• **Brief**:
Copy the records below, from the line containing "及官网公示开发进度。也可以加入我们的官方 QQ 群" through the last line; leave out pictures.
------------------------------
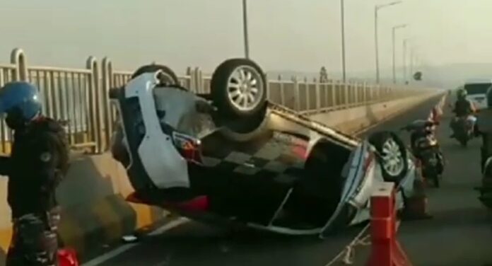 Bangkalan – Sebuah kecelakaan lalu lintas terjadi di kilometer 400 Tol Jembatan Penghubung Madura Surabaya atau yang lebih dikenal dengan Suramadu. Sebuah kendaraan jenis minibus dengan nomor polisi L 1796 AAF diketahui terguling hingga menjadi tontonan warga pengguna jalur jembatan.
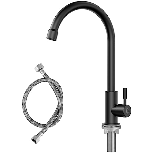 CREA kallvattenkran kök, vattenkran kallt vatten, kran kallt vatten för kök eller trädgård, 360 graders vridbar kallvatten kökskran, med anslutningsslang, matt svart
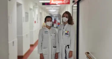 Die Optometristinnen Veronika Knöferle (links) und Melanie Grundel warten in der Augenklinik der TU München auf die nächsten Patienten.
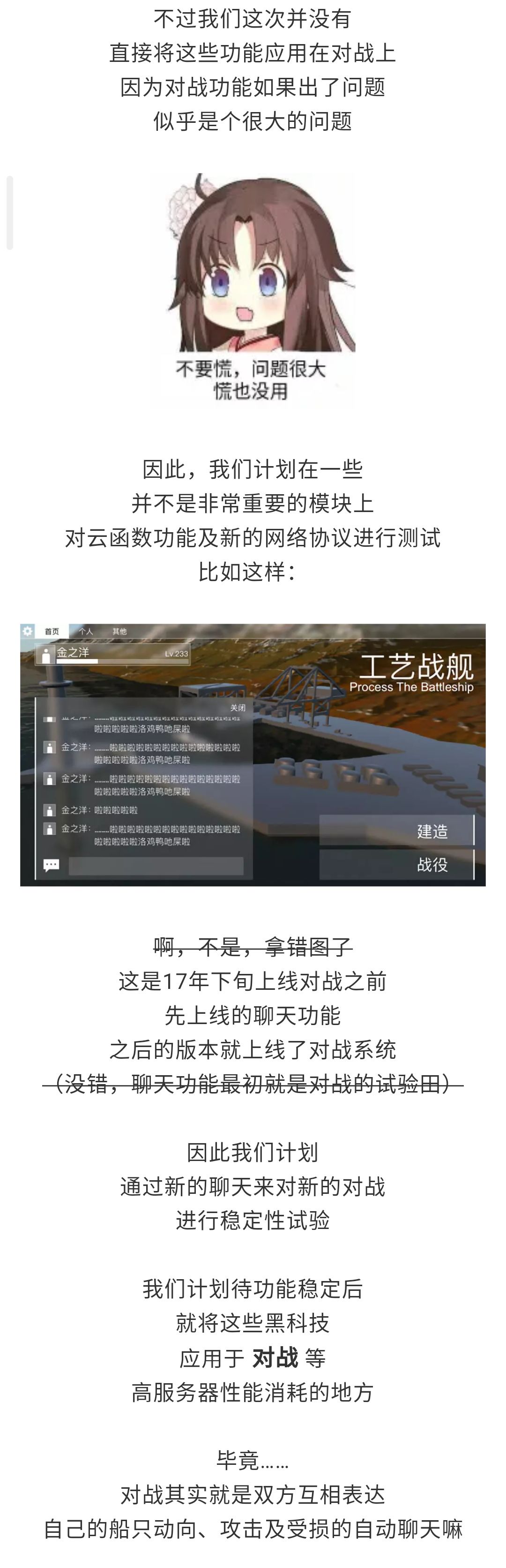 A1:目前我们还在开发 内部测试阶段。这仍需要一段时间一定的修改与调试。相关进度我们会定期在贴吧、TapTap 及官网公示开发进度。也可以加入我们的官方 QQ 群 587778629 或微信搜索【ProcessTheBattleShip】关注我们的微信服务号。游戏开发是一个非线性的过程。我们可能会在短时间内有较大突破,也有可能一段时间毫无进展。感谢大家支持。关于游戏先行测试版本的下载,请见上方内容“关于官网测试版本” 。
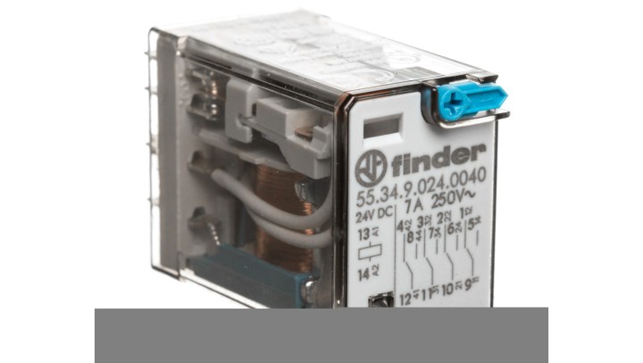 Przekaźnik miniaturowy 4P 7A 24V DC przycisk testujący mechaniczny wskaźnik zadziałania AgNi 55.34.9.024.0040
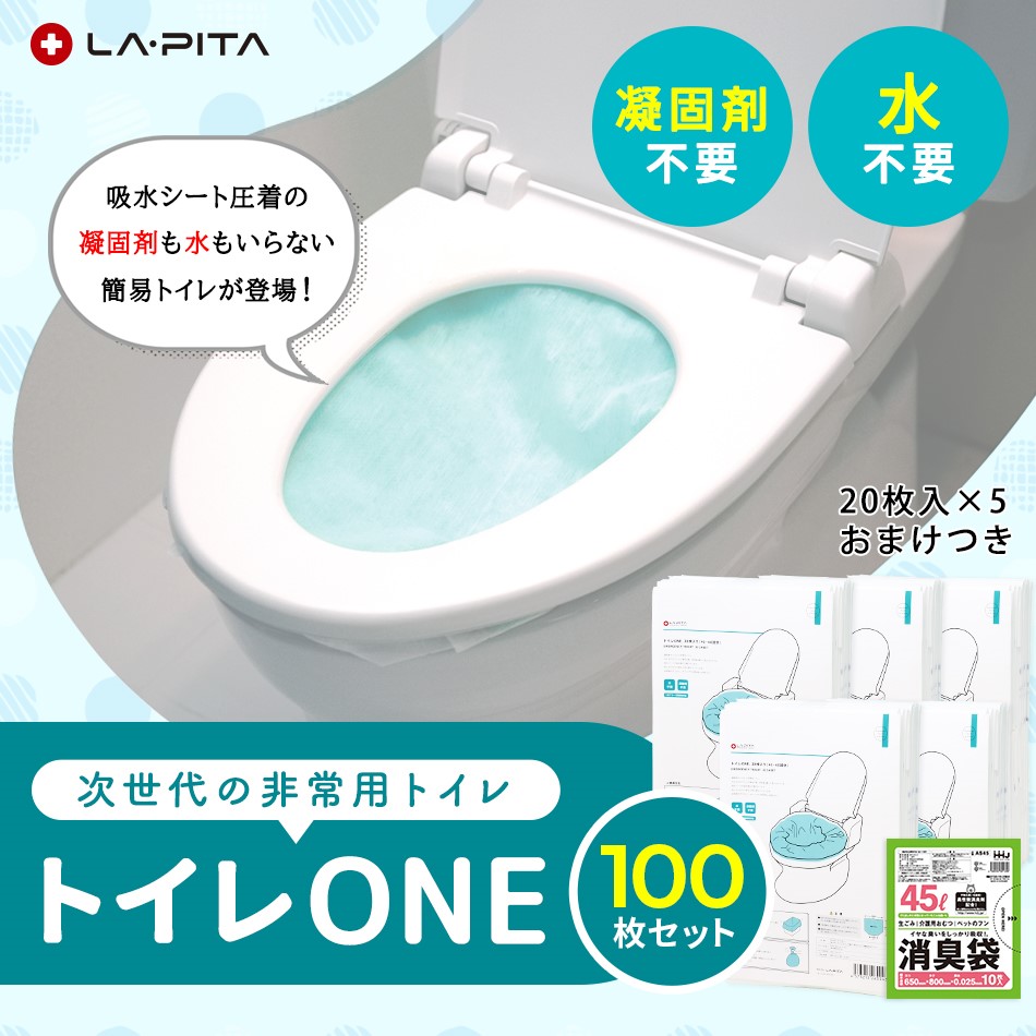 【送料無料】【45L 消臭袋付き!】 トイレと消臭袋のセット トイレONE 100枚セット (20枚×5個) 消臭袋付き! 災害対策 簡易トイレ 1枚で3回使用できる(トイレワン)【台風 停電対策】
------------------------------
• **Exercise output**:
 A1:目前我们还在开发 内部测试阶段。这仍需要一段时间一定的修改与调试。相关进度我们会定期在贴吧、TapTap 及官网公示开发进度。也可以加入我们的官方 QQ 群 587778629 或微信搜索【ProcessTheBattleShip】关注我们的微信服务号。游戏开发是一个非线性的过程。我们可能会在短时间内有较大突破,也有可能一段时间毫无进展。感谢大家支持。关于游戏先行测试版本的下载,请见上方内容“关于官网测试版本” 。
 Przekaźnik miniaturowy 4P 7A 24V DC przycisk testujący mechaniczny wskaźnik zadziałania AgNi 55.34.9.024.0040
 【送料無料】【45L 消臭袋付き!】 トイレと消臭袋のセット トイレONE 100枚セット (20枚×5個) 消臭袋付き! 災害対策 簡易トイレ 1枚で3回使用できる(トイレワン)【台風 停電対策】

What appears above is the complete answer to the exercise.